SCNet: Spatio-temporal Feature Aggregation and Cross-modal Interactive Encoding Network for DAVIS Object

Yunhua Chen

Published: 25 Jun 2025, Last Modified: 26 Feb 2026ICMREveryoneWM2024 Conference

Abstract: Abstract DAVIS cameras, which output both event streams and frames simultaneously, are increasingly being used to address the primary object detection challenges posed by complex lighting and motion blur. Nevertheless, fully leveraging the abundant temporal information and effectively fusing data from these two modalities remains a formidable challenge. In this paper, we first design a multi-scale spatio-temporal aggregation (MSTA) module to distill richer semantic information from event frames.

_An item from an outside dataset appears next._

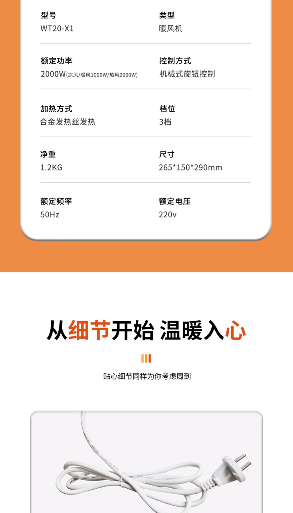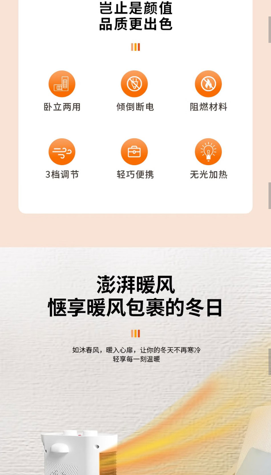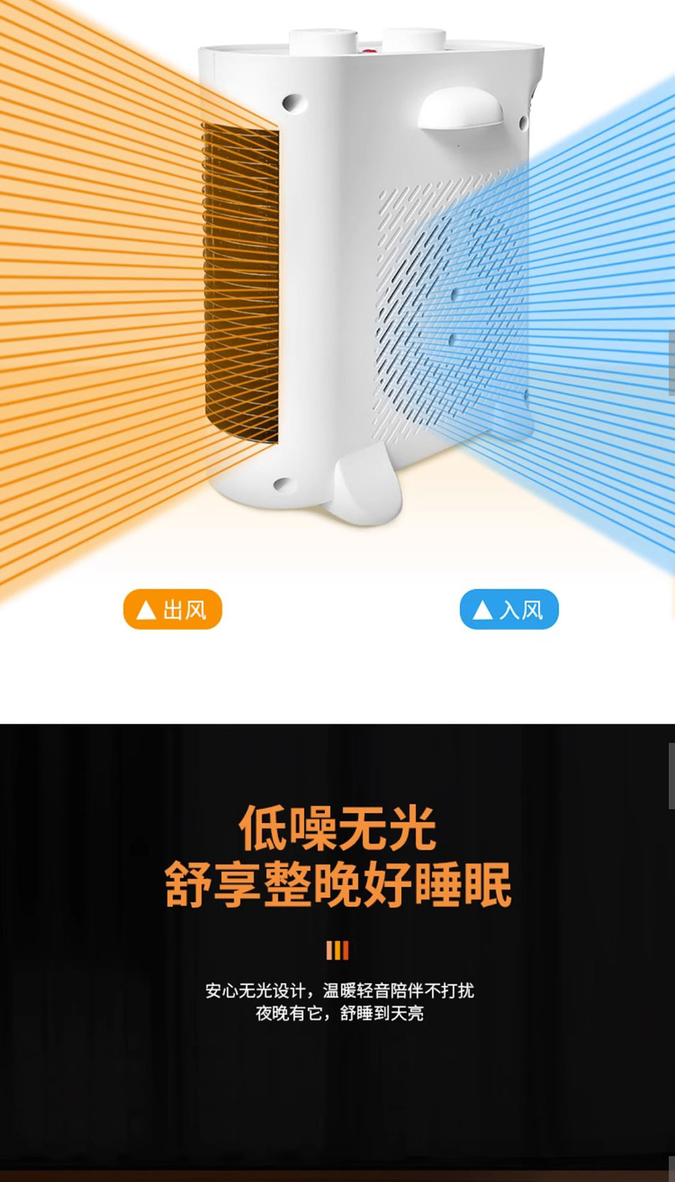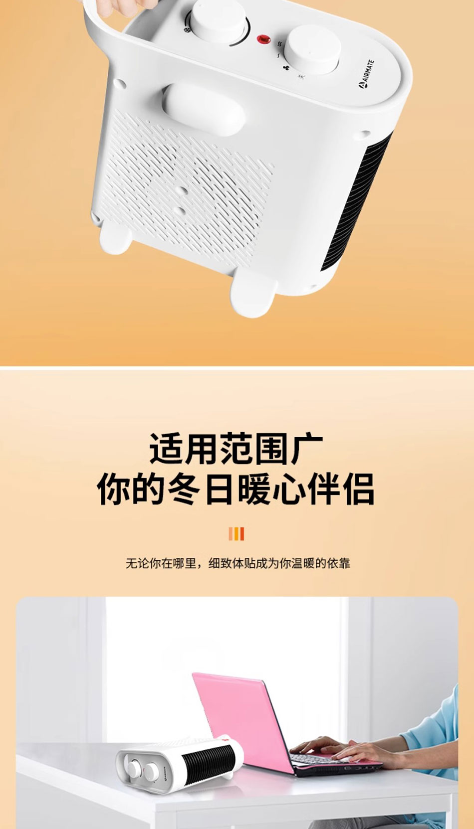 艾美特AIRMATE 取暖器家用桌面暖风机办公室宿舍卧室电暖器便携移动小型热风机即开即热节能省电暖脚神器电暖气 WT20-X1白色经典款

Secondly, we assimilate and harness the strengths of YOLOv8 and RT-DETR to develop an innovative encoder with Multi-scale Cross-modal dynamic Interactive fusion and multi-level feature interactive Fusion (MCIF). In MCIF, we propose a dynamic channel switching and spatial attention with learnable fusing factors (DCF-CSSA) to improve the complementary interaction of cross-modal features. Extensive experiments demonstrate that our approach (which we call SCNet) significantly outperforms existing state-of-the-art (SOTA) object detection methods that fuse events and frames, achieving an mAP50 improvement of 6.2% on PKU-DAVIS-SOD and 12% on DESC-MOD, both contain a large number of samples with challenging lighting conditions and motion blur.